In the last hundred years, there has been plenty of discourse about where marriage fits into modern life. One notable voice, Sheila Cronan, a feminist activist who participated actively in the second wave feminist movement in America, argued that marriage is comparable to slavery, as women performed free labour in the home and were reliant on their husbands for financial and social protection.
“Attack on such issues as employment discrimination are superfluous; as long as women are working for free in the home we cannot expect our demands for equal pay outside the home to be taken seriously.”
Cronan believed that it would be impossible to achieve true gender equality as long as marriage remained a dominant institution. The comparison of marriage to slavery was hugely controversial, though, because white women had significantly better living conditions and security than slaves. In a modern, western context, Cronan’s article may seem like a bit of an overstatement on the woes of marriage.
Is there an alternative to abolition?
Another contribution to the philosophy of marriage is the work of Elizabeth Brake. Instead of abolishing marriage, she puts forward a theory in her 2010 paper What Political Liberalism Implies for Marriage Law called “minimal marriage,” which claims that any people should be allowed to get married and enjoy all the legal rights that come with it, regardless of the kind of relationship they are in or the number of people in it.
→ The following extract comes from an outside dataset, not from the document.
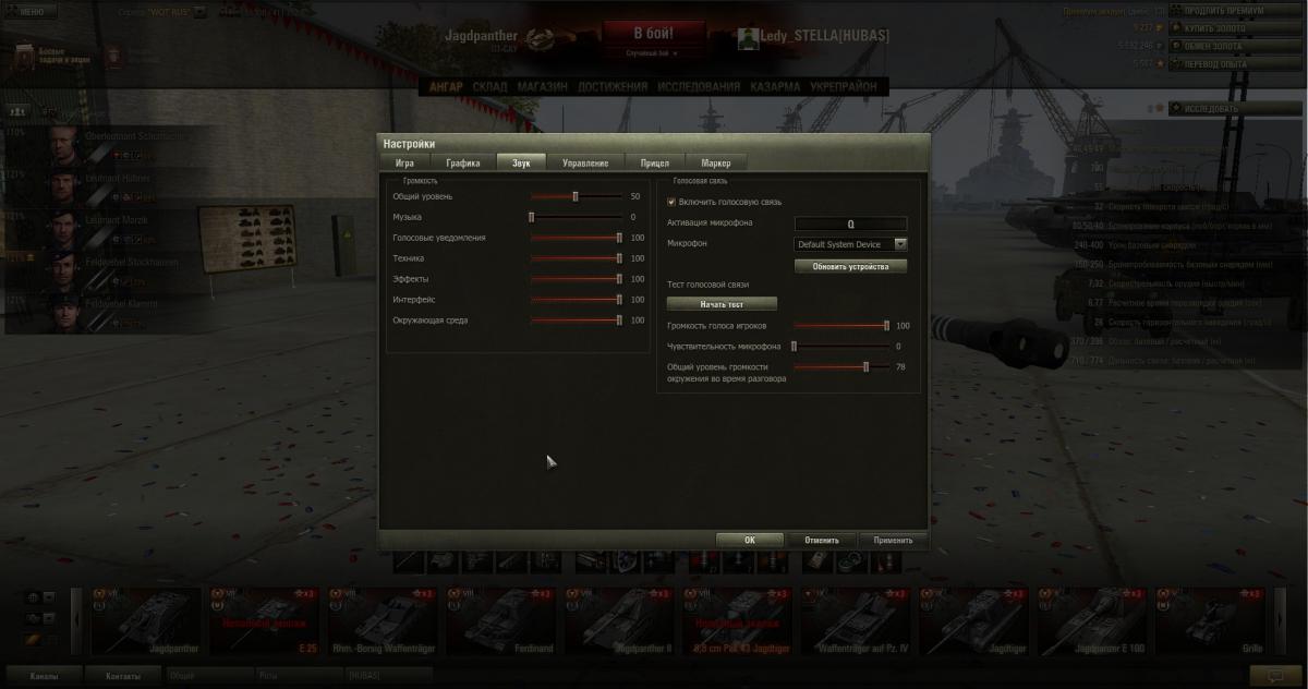 Вопрос в следующем, куда у меня пропали голосовые уведомления "в бой", "рикошет", "попадание" и т.д. ? Зашла в настройки, там где у меня стоили "национальные", а у меня вообще нет этой графы. Вообще весь бой только звук двигателя и выстрелы из пушки. http://cdn-frm-eu.wargaming.net/wot/ru/uploads/monthly_08_2014/post-11859920-0-30378100-1407422417_thumb.jpg Пы.Сы. : Моды стоят ПроТанки только прицел и зум

Brake argues that when the state allows some kinds of marriages but not other kinds, the state is asserting one kind of relationship as more morally acceptable than another. Marriage in the western world provides a number of legal benefits: visitation rights in hospitals if someone gets sick, fewer complications around joint bank accounts, and the right to inherit the estate if a partner dies, to name a few. It is also often viewed as a better or superior kind of relationship, so those who are not allowed to get married are seen as being in an inferior kind of relationship.
Take for example the case of two elderly women who are close friends and have lived together for the last 30 years. If one of the elderly women falls ill and needs to go to hospital, her friend might not be able to visit her because she is not a spouse or next-of-kin. If she passes away and her friend is not in her will, then the friend will have no say over what happens to her estate. The reason these friends were not married was because they felt no romantic attraction to each other. But Brake asks us: why should their relationship be seen as less valuable or less important than a romantic one? Why should their caring relationship not be afforded the legal rights of marriage?
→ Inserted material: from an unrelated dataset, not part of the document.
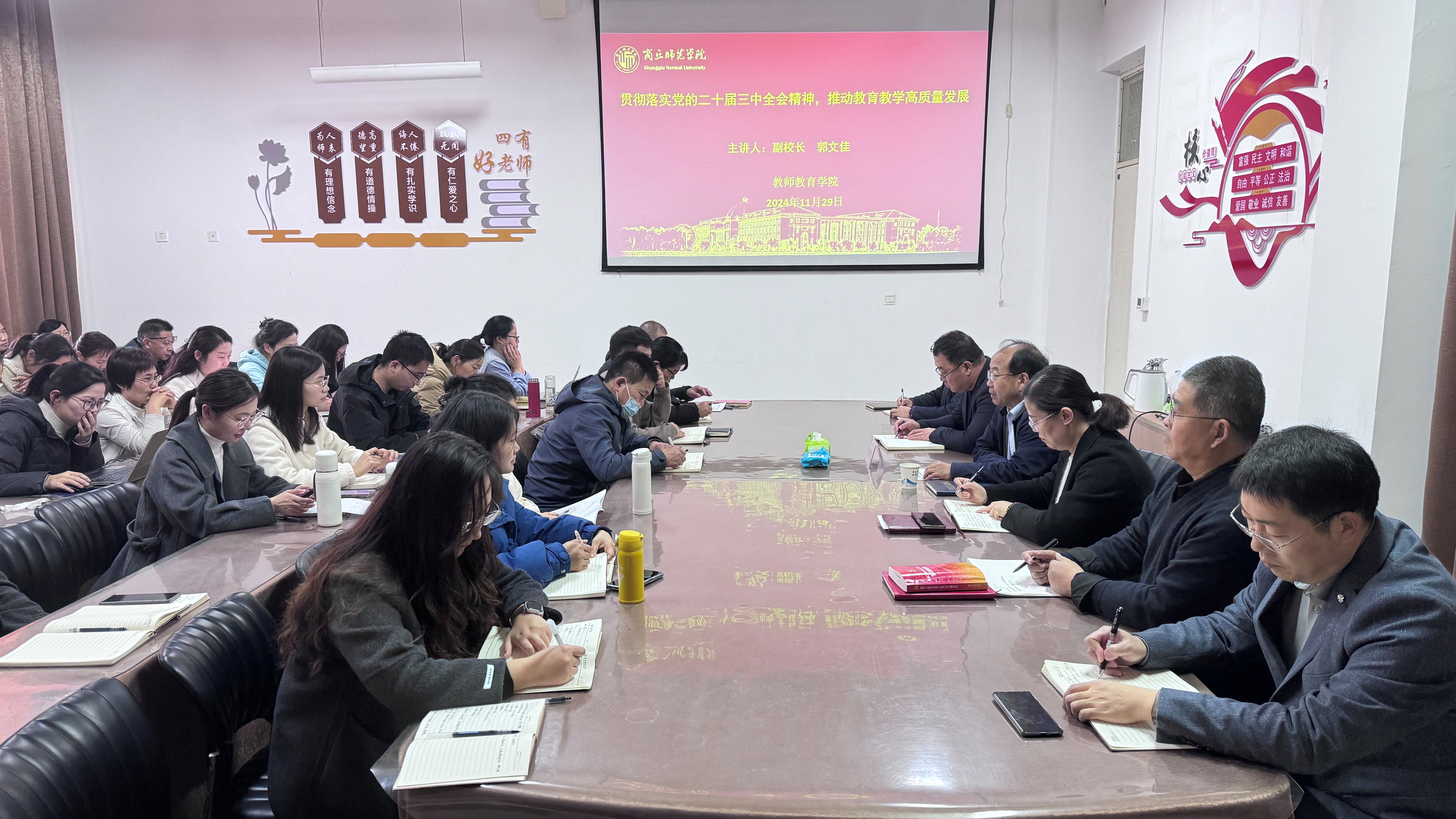 郭文佳深入浅出地阐释了党的二十届三中全会有关统筹推进教育、科技、人才体制机制一体改革的重点内容,强调学习贯彻党的二十届三中全会精神要同学校硕士点申报、本科教育教学审核评估和师范专业认证相结合一体推进,广大教师党员要提高政治站位,增强紧迫感;聚焦学校发展中心任务,全力抓好落实;站稳三尺讲台,潜心教书育人。

Many legal rights are tied to marriage. In the US, there are over 1000 federal “statutory provisions,” or clauses written in the law, in which marital status is a factor in determining who gets a benefit, privilege, or right. Brake argues that reforming marriage to be “minimal” is the best way to ensure that as many people as possible have these legal rights.
So, what should the future of marriage be?
Many people today will say that the day they got married was one of the best days of their lives. However, just because we have a more positive view of it now does not erase the thousands of years of discriminatory history. In addition, practices such as child marriage and arranged marriages that no longer occur in the western world are still the norm in other parts of the world.
While Cronan presents a strong argument for abolishing marriage and Brake presents a strong argument for its reform , we need to examine the underlying social ills that make marriage so complicated. Additionally, there’s no guarantee that abolishing or reforming marriage will eliminate the sexism, racism, and homophobia that create the conditions for marriage to be so discriminatory in the first place. Marriage may not be creating inequality as much as it is a symptom of inequality. While the question of what to do with marriage is worth interrogating, it’s important to consider the larger role it might play in creating social change and working towards equality.